酪農を甘くみてはいけない

世の中世の中の仕組み

酪農家って本当に大変なんですよ。牛インフルエンザみたいなやつとか牛に関する伝染病が発生した場合って、そこの牧場の牛、全部ころさなきゃいけないんですよ。一頭一頭の牛を治療するっていうのができないので、感染させないためには全部殺すっていうのしかできないんですよ。狂牛病とかもそうなんだけど。

一生懸命育てたとしても何かの伝染病があったら「全ての牛を殺します」っていうので、「はい、一からやり直しください」みたいな状況になるんですよ。
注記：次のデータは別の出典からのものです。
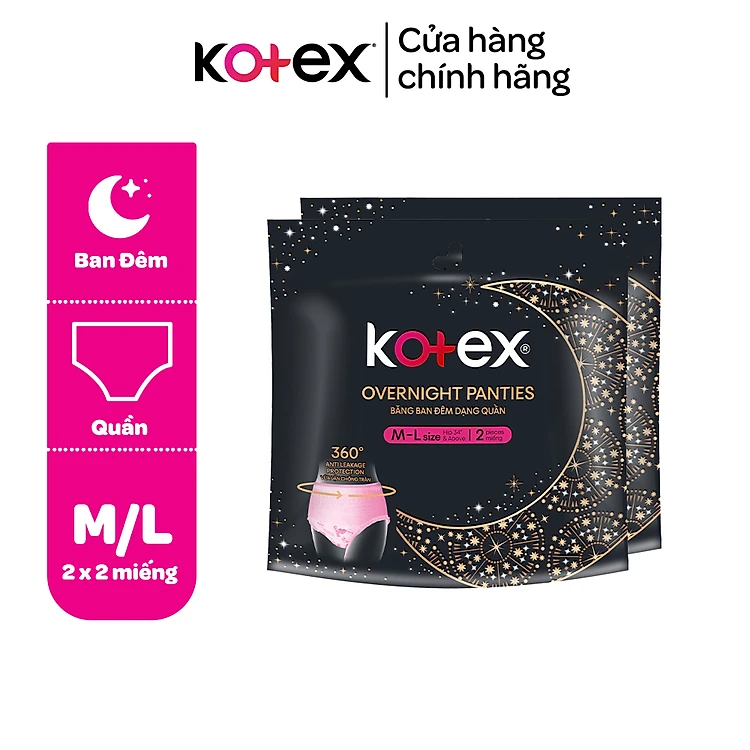 Combo 2 Băng Vệ Sinh Kotex Ban Đêm Dạng Quần cỡ M/L 5 miếng

なので牧場とか家畜を扱ってる所って、人が入るのすごい嫌がるんですよ。

例えばヒゲオヤジ牧場っていうとこに行って、その牧場ってすごい汚くて衛生環境が悪くて変な病気が流行ったとするじゃないですか。で、そこに行った人が、そこの土を踏んでそこの靴の裏に細菌がついた状態でひろゆき牧場に行くと、ひろゆき牧場にもその細菌が感染しちゃうんですよ。

なので各牧場って距離が離れてれば離れてるほど安全なんですよ。でも日本ってめっちゃ狭いじゃないですか。なので結局伝染病が発生した時に隣の牧場に感染する確率めちゃくちゃ高いんですよ。

九州で前にも牧場がガンガン感染しちゃって自衛隊が出動したことがあったと思うんですけど。3日以内に1万頭の豚を全部殺すみたいなミッション。っていう感じのことになっちゃうので、日本の酪農って何かあった時の被害がめちゃくちゃでかくなりやすいんですよ。

そもそも酪農に向いてないんですよ、国土狭いしさ。

九州でモッツァレラチーズを作ろうとしている人のブログっていうのが前にあって。モッツァレラチーズって水牛の乳で作るチーズでわりと美味しいんですけど。

で、九州で水牛を一から育てて牧場をつくったんだけど、結局病気が蔓延して全部殺すことになって、モッツァレラチーズ作れなくなりましたっていうのがあったんだよね。「殺すことになりました」っていうところで、そのブログが終わるっていうすげー切ないブログがあるのよ、まだ今もあるかどうか分かんないんだけど。

最初、二頭とかから始めてるのよ、その人。イタリアから水牛を輸入して、牧場で育てて、子供が増えてみたいな。ちょっとずつ子供が増えて、ちょっとずつ牧場が大きくなって、乳が取れるようになって、「ようやくモッツァレラチーズが作れるようになりました」って言って、でもそんなに量も多くないから借金も多いままですけど、ちょっとずつ収入増やして頑張りますみたいなところで、その病気が来て、全部殺さなければいけないことになりましたみたいなので、ブログっていうか牧場自体が終わっちゃうみたいな。ていうぐらい牧場って本当に大変なんですよ。